Mr. Meehan now lives with a degenerative nerve disease that mimics ALS. For years, each time I visited him on Long Island, I marked its progression. After one lunch, he asked, without fuss, for me to help him get his weaker arm into his coat. While Mr. Meehan knows the advancement of his illness is unstoppable, he told me by e-mail recently that he’s still fighting, continuing to work on his PhD. “I complete all of my research and writing with my eye movement on my special computer,” he wrote. “It’s a slow process, but where am I going to in such a hurry?”
Perhaps the strangest part of the legacy of 9/11 is that in some parts of New York, the Twin Towers still stand – such as at the Panorama of the City of New York, a 9,335-square-foot architectural model of the five boroughs that is housed at the Queens Museum. I visited the panorama, accompanied by former curator Louise Weinberg. “We kept the towers – that was a conscious decision,” she explained. “After 9/11, our director and board felt that we couldn’t take them down.” It was too painful to see them disappear again. The result is a fictional, optimistic version of New York.
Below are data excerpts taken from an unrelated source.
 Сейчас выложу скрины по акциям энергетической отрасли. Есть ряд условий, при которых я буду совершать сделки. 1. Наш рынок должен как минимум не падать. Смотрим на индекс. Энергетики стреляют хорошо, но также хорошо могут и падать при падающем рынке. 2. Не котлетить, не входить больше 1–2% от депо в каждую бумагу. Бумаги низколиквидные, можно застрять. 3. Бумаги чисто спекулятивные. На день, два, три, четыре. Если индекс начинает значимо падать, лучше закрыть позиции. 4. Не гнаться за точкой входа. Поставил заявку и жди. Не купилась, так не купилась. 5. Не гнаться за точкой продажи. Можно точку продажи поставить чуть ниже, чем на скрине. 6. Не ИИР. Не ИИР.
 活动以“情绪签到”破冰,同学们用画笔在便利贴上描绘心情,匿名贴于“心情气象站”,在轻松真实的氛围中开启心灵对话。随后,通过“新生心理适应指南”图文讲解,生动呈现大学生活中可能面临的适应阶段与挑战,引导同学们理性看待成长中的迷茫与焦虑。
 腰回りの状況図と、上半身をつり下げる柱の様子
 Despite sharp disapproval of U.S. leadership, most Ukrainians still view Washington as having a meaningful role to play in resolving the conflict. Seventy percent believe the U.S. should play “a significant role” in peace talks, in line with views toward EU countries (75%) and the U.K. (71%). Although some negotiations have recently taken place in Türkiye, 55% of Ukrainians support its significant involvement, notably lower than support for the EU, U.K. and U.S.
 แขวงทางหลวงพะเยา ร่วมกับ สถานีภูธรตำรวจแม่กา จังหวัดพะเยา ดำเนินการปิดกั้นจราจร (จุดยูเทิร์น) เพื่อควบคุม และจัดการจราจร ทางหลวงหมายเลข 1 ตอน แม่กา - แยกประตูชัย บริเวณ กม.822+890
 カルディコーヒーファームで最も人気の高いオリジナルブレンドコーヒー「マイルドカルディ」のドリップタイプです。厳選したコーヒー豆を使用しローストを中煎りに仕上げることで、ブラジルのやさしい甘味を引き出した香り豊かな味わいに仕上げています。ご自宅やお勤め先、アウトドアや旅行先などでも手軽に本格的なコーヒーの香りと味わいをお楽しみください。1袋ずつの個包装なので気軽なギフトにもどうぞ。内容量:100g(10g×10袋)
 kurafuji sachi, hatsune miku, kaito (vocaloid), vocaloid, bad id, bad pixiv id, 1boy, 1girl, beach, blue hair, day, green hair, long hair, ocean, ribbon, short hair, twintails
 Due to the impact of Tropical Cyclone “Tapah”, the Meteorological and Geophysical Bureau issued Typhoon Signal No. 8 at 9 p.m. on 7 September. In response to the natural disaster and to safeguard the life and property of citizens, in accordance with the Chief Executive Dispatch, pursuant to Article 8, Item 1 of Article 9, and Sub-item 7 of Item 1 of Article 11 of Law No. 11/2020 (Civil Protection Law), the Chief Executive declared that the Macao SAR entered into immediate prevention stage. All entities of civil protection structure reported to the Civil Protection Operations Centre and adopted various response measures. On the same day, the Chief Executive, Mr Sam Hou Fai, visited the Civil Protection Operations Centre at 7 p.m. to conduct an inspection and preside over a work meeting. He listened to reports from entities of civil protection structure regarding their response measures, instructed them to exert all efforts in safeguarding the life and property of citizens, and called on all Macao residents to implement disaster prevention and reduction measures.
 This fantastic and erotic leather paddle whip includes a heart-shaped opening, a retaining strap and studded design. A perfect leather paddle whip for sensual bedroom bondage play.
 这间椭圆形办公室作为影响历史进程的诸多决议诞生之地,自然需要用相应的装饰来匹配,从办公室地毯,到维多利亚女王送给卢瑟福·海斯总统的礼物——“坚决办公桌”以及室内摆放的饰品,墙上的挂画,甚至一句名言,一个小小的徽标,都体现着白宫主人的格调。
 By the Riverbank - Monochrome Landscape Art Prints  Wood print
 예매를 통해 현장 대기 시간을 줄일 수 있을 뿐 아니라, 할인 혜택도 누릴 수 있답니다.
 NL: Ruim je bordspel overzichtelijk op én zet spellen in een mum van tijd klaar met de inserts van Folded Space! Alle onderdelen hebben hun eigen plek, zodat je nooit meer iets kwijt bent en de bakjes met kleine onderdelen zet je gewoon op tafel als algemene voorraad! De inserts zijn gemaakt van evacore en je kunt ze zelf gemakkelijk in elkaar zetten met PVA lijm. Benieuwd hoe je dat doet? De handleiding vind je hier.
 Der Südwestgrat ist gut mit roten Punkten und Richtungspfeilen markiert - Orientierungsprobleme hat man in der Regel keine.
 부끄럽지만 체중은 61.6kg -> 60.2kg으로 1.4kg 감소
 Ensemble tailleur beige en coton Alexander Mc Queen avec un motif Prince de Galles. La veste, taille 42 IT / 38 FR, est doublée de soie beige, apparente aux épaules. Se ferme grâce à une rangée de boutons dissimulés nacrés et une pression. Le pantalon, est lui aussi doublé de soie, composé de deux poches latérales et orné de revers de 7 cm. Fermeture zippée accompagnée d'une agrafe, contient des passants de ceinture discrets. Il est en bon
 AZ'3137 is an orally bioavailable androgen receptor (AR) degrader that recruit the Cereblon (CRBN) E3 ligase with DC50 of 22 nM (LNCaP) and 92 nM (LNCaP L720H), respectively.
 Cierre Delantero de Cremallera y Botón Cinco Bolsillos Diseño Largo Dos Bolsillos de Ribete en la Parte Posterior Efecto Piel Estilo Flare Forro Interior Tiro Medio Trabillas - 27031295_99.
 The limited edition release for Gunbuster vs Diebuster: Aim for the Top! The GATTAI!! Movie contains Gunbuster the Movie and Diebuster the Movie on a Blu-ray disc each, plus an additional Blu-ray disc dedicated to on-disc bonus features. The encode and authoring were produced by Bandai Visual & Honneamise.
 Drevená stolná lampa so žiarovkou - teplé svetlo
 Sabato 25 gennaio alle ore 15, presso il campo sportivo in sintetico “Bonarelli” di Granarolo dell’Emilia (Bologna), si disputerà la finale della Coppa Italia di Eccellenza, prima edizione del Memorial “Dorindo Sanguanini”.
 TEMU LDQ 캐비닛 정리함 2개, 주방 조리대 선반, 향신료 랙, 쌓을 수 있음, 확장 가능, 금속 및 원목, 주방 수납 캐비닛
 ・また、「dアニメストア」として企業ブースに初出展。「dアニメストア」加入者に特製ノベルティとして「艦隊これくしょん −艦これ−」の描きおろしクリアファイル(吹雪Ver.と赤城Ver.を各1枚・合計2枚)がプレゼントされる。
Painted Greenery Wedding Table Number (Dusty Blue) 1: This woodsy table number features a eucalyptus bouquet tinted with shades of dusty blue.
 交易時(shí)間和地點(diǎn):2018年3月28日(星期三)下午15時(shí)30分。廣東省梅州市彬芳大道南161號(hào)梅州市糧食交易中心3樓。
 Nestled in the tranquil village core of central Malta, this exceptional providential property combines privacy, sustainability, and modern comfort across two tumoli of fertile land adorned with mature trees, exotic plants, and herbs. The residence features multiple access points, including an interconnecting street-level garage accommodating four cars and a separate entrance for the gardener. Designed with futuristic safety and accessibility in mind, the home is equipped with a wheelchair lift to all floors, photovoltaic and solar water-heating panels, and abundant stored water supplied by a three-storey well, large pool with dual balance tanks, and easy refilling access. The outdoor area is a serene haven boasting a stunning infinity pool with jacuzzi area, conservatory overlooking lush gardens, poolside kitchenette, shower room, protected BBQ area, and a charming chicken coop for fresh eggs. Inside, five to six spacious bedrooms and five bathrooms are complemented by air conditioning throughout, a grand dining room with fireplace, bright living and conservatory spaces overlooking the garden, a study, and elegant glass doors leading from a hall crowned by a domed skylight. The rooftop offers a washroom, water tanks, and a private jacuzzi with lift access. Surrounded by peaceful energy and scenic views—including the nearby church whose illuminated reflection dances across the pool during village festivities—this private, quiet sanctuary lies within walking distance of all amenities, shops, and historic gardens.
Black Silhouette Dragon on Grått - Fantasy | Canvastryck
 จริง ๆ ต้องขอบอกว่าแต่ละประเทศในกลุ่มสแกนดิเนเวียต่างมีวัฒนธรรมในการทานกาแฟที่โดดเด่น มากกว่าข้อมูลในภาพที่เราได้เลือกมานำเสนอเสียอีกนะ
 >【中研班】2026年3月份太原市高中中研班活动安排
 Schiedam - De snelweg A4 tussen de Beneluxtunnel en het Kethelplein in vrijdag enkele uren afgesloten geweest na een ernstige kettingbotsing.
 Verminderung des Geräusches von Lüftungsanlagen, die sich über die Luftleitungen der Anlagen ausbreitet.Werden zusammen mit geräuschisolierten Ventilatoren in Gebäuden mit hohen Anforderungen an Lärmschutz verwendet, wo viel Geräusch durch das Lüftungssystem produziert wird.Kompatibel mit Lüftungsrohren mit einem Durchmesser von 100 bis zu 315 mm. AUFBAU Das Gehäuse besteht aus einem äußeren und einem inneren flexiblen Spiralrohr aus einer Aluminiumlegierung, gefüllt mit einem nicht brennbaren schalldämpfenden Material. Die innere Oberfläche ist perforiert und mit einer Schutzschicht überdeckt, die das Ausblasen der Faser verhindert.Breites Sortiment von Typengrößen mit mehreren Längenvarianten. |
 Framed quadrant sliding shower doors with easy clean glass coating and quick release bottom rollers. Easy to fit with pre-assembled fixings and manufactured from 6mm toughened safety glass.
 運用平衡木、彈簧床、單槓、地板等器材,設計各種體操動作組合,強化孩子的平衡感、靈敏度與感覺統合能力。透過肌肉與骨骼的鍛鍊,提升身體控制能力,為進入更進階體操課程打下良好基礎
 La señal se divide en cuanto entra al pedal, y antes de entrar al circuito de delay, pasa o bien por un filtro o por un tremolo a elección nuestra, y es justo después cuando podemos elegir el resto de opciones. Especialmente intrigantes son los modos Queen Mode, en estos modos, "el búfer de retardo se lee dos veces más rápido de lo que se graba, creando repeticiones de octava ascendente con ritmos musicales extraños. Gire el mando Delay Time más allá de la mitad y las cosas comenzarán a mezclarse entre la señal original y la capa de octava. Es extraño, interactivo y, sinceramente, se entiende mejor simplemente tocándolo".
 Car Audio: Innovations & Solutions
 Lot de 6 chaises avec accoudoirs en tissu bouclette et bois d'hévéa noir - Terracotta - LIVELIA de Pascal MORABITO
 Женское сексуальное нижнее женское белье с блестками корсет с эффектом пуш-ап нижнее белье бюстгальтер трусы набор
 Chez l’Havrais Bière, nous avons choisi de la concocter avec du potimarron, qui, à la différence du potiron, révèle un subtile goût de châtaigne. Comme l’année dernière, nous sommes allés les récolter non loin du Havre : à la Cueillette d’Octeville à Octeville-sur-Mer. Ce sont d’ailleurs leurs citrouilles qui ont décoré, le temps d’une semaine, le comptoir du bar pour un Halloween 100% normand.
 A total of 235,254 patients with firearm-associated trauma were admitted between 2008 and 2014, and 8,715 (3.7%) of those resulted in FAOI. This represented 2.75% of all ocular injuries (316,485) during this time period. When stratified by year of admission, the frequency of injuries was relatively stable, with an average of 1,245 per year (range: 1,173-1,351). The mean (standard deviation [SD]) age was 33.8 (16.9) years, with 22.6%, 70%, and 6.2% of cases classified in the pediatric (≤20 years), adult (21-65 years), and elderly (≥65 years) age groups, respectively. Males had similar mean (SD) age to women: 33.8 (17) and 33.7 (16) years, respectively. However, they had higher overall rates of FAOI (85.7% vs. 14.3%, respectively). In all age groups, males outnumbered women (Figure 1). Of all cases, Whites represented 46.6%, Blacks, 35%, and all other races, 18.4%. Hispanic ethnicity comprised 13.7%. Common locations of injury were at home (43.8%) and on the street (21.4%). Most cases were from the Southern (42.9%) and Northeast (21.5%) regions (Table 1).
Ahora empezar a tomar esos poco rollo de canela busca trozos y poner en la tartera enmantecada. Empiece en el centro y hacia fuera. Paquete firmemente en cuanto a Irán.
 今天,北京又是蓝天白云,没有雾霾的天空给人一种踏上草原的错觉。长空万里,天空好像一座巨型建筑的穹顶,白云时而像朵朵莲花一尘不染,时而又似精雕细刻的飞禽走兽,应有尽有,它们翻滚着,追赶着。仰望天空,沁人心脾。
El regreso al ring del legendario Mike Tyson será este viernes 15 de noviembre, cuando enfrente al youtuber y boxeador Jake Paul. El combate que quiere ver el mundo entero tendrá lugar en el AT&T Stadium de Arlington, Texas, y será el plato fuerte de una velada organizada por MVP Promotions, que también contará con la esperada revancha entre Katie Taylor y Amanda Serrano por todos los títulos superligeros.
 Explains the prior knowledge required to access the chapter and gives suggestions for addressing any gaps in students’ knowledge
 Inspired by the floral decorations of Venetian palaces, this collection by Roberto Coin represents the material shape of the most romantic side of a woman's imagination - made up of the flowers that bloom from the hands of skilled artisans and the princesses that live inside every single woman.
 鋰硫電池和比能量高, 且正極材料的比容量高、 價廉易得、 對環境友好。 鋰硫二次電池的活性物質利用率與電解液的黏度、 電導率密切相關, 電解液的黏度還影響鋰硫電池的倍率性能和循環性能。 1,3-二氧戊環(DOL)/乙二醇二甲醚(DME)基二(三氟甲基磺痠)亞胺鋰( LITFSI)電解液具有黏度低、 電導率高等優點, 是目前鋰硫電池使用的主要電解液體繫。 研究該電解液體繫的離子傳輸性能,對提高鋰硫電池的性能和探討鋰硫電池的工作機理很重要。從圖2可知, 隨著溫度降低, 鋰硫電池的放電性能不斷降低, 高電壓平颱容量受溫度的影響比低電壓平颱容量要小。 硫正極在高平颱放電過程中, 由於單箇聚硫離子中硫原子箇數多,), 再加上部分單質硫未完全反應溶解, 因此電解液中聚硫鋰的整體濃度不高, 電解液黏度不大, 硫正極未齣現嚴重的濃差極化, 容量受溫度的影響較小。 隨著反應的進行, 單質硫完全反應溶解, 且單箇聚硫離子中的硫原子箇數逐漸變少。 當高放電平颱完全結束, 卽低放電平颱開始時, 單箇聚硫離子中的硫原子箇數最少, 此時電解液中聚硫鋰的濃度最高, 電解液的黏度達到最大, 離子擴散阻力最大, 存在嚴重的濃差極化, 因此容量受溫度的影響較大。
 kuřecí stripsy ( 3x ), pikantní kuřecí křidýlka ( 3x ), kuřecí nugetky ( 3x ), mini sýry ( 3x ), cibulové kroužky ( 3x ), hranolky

Only a few inches tall, the model towers still elicit a gasp from more than a few people, Ms. Weinberg said. “In some ways, it’s like a willful revisionist history. When people come, they key on them immediately,” she added. “It’s very emotional. A lot of people are shocked when they see them – and then a lot of people are also relieved.”
During my research, when I asked interviewees about the varied legacies of 9/11, I was told repeatedly that they were personal – that each New Yorker responded in his or her own way. I heard over and over about a sense of ownership. Some New Yorkers are still livid that the events of the day were used to justify war and jingoistic nationalism. The only constant that arose over the course of my conversations was the depth of the relationship. The phrase “Never forget” is superfluous.
“If you experienced 9/11, you’re married to it and there’s no divorcing it,” Mr. Meehan told me. “So you either make the best of it, or you let it ruin you,” he continued. “You cannot let it ruin you.”